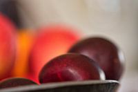 De donkerrode vooraan want deze zijn het lekkerst en wat vlezige zacht rode pruimen op de achtergrond neergelegd. Een mooi en smakelijk gekleurd geheel op een fruitschaal.
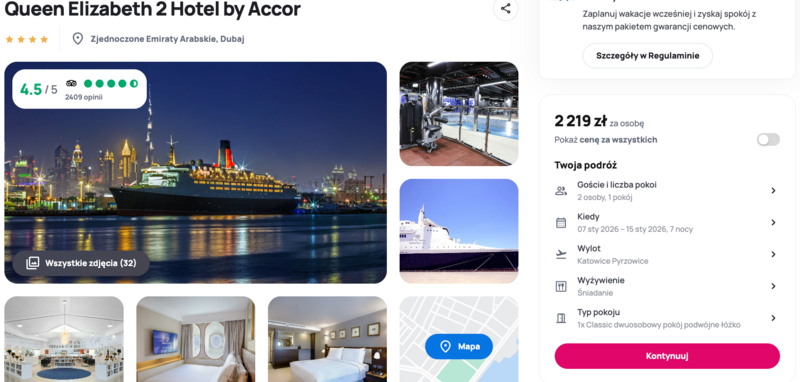 Wypoczynek w Dubaju: Pobyt na statku Queen Elizabeth 2 Hotel ze śniadaniami od 2219 zł
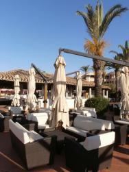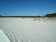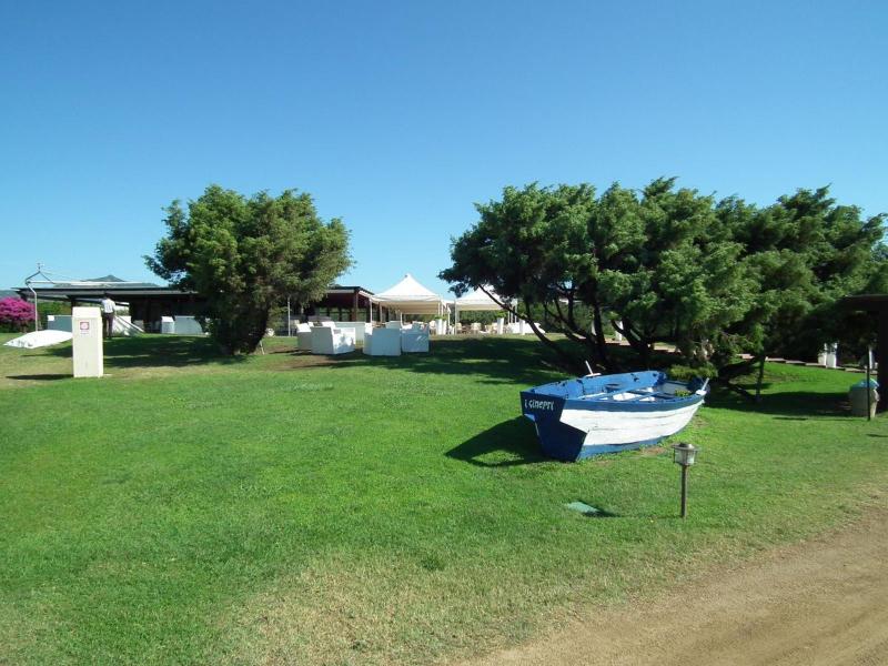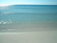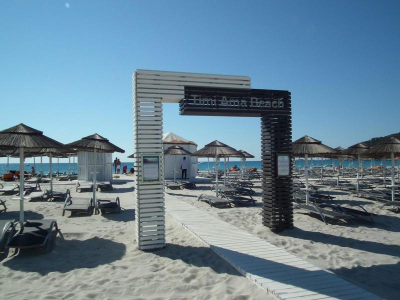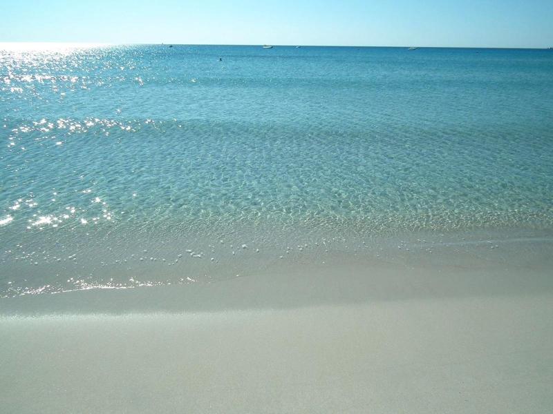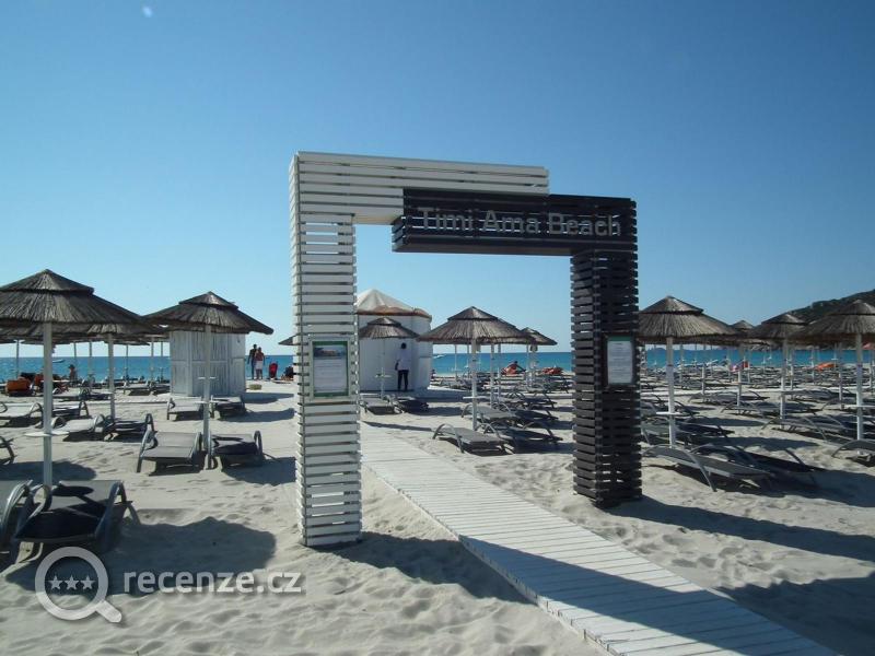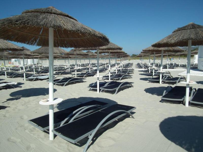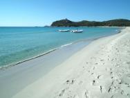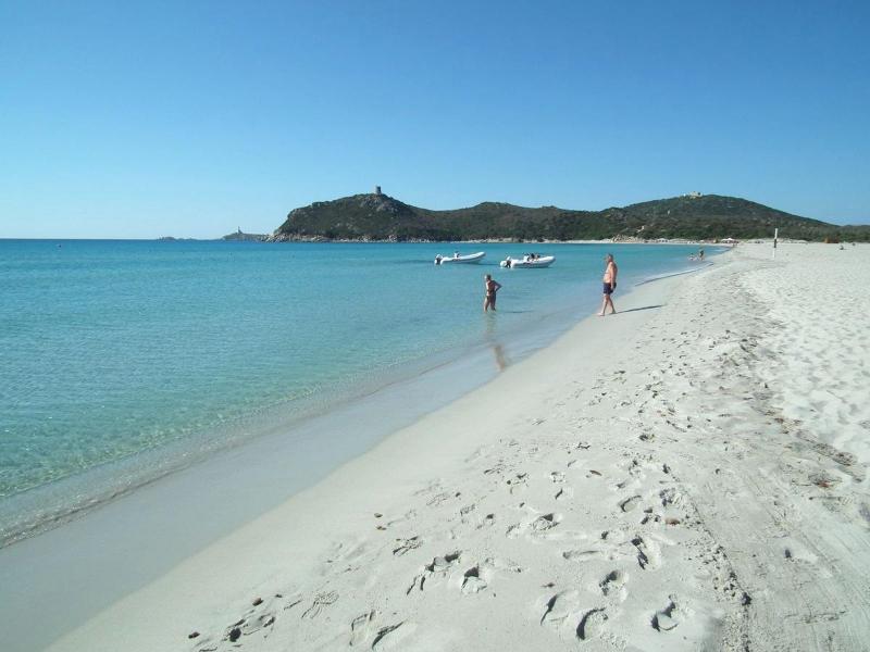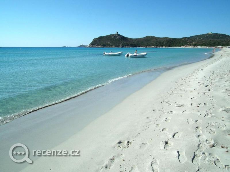 Prostorná privátní pláž s bílým pískem a krásným mořem s pozvolným vstupem je od hotelu oddělena pouze jezerem/lagunou, kolem které se dá dojít cca za 7 minut na pláž. Není tam žádná silnice, je to jen cesta pro pěší. Po cestě můžete pozorovat a fotit plameňáky v laguně. Na pláž vozí hosty tam a zpět elektrický vláček zdarma, interval v sezóně mezi 9. a 18. hodinou cca 7-10 min, později s delšími intervaly. Lehátka, slunečníky a plážové osušky zdarma (kromě 1. a 2.řady - červenec a srpen, které jsou v sezoně za poplatek - to je častý jev na jihu Sardinie). Moc hezká pláž.
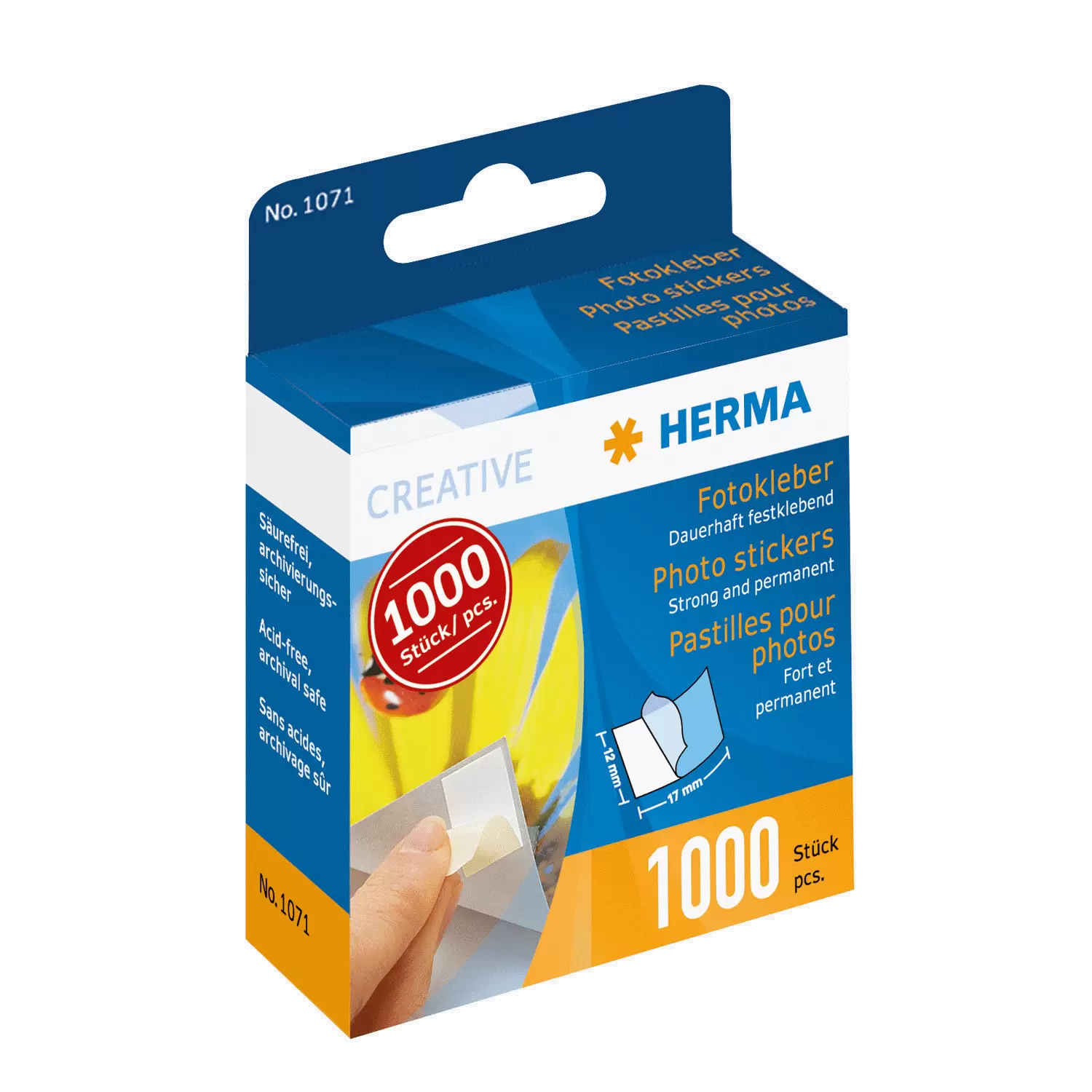 - HERMA photo stickers, permanent adhesive, double-sided self-adhesive paper stickers, front side covered with protective paper
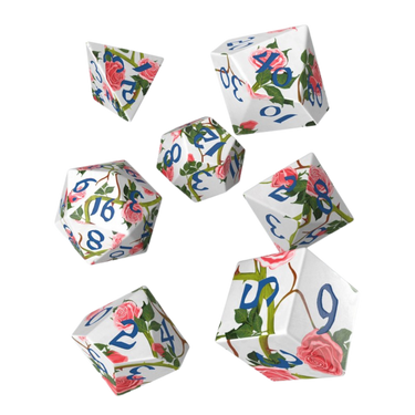 Full Art Dice Set: Roses captures the fragile beauty of blooming flowers. Soft pink and green hues flow over white dice, forming a continuous pattern. Each roll feels like a small act of cultural artistry. Clear runic digits make every throw easy to read — and hard to forget. These dice let you be a connoisseur of your own making.
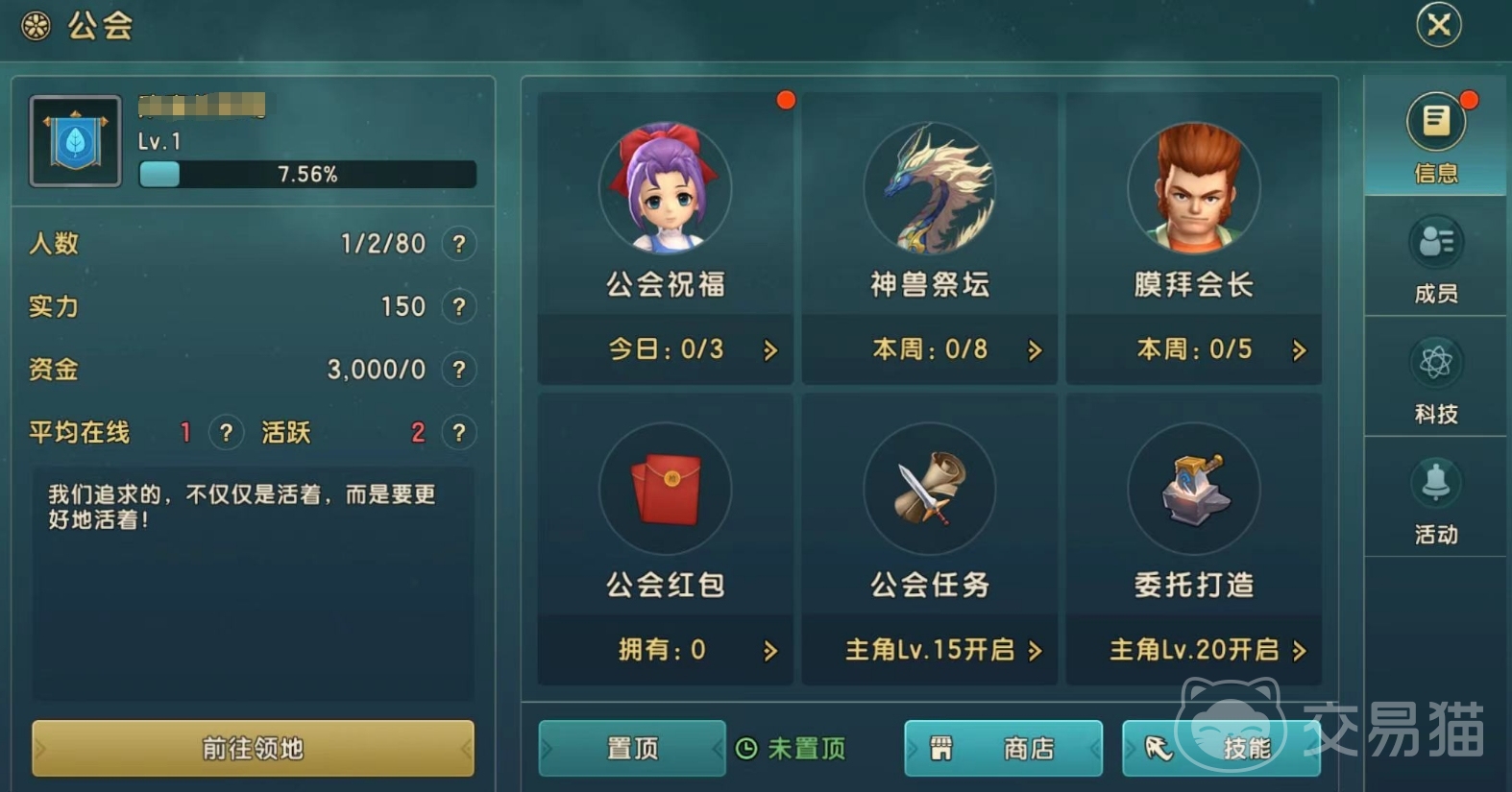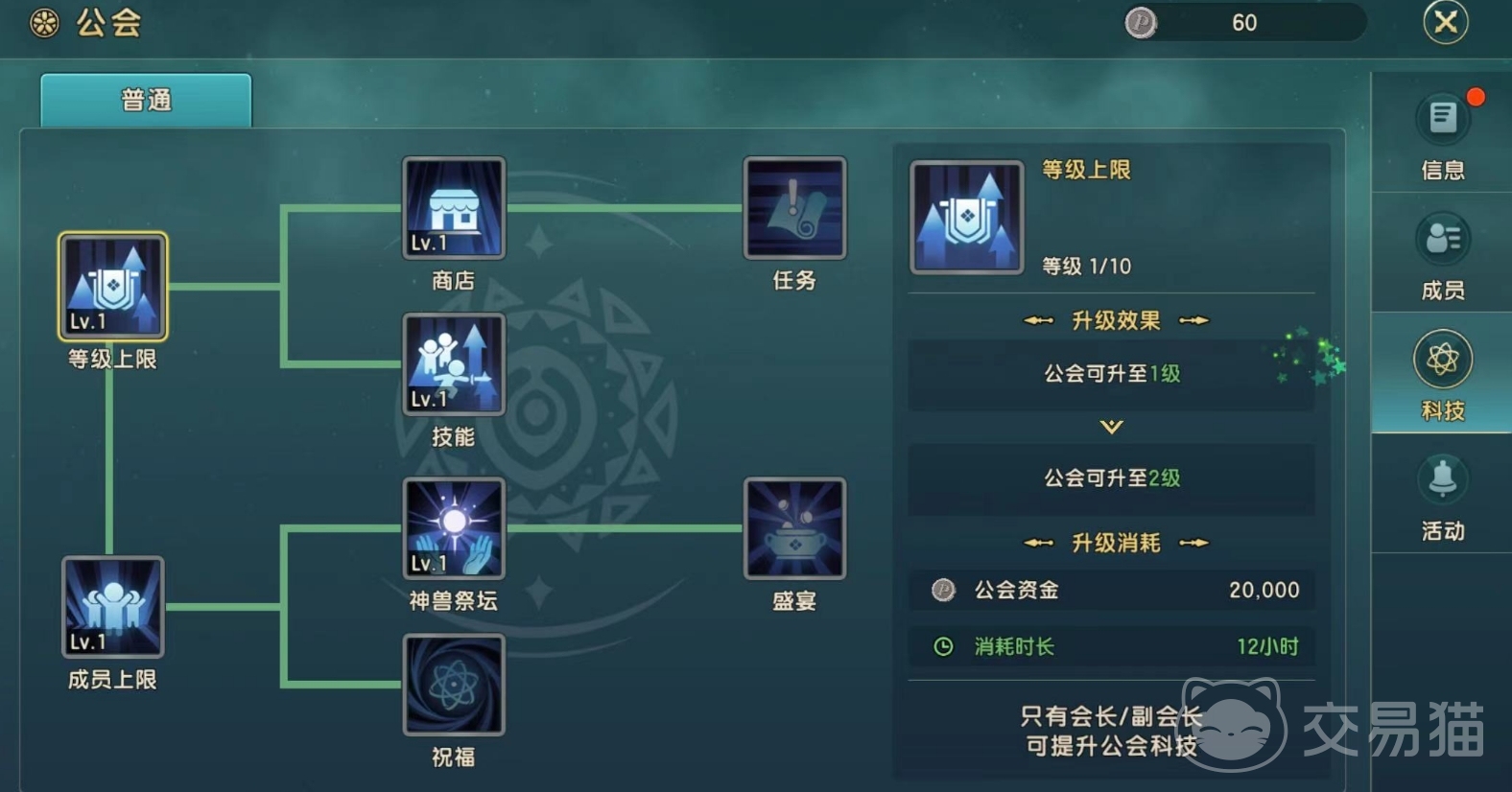 除了这个常规的玩法之外,还有一种玩法为科技玩法,科技玩法只有会长可以操作,可用于提升公会的科技上限,能够使商店技能、任务、盛宴等多种形式的等级提升的更高。
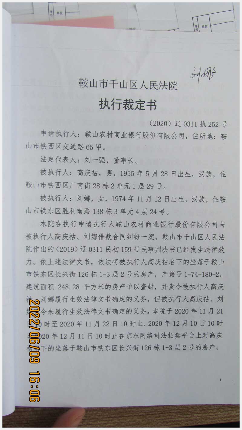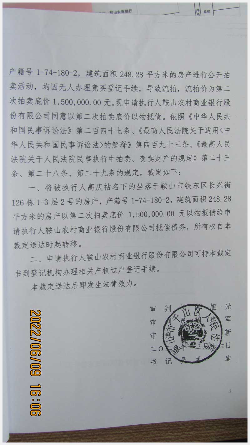 地址:鞍山市鐵東區(qū)長興街126棟 標(biāo)的號:85
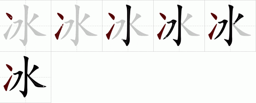 An upwards character stroke from bottom left to the top right, such as in 冰 (bīng):

• EXERCISE REQUIREMENTS: Begin at the first line of the material and copy each line exactly through the one containing "Prostorná privátní pláž". Omit pictures.

• EXPECTED ANSWER:
 De donkerrode vooraan want deze zijn het lekkerst en wat vlezige zacht rode pruimen op de achtergrond neergelegd. Een mooi en smakelijk gekleurd geheel op een fruitschaal.
 Wypoczynek w Dubaju: Pobyt na statku Queen Elizabeth 2 Hotel ze śniadaniami od 2219 zł
 Prostorná privátní pláž s bílým pískem a krásným mořem s pozvolným vstupem je od hotelu oddělena pouze jezerem/lagunou, kolem které se dá dojít cca za 7 minut na pláž. Není tam žádná silnice, je to jen cesta pro pěší. Po cestě můžete pozorovat a fotit plameňáky v laguně. Na pláž vozí hosty tam a zpět elektrický vláček zdarma, interval v sezóně mezi 9. a 18. hodinou cca 7-10 min, později s delšími intervaly. Lehátka, slunečníky a plážové osušky zdarma (kromě 1. a 2.řady - červenec a srpen, které jsou v sezoně za poplatek - to je častý jev na jihu Sardinie). Moc hezká pláž.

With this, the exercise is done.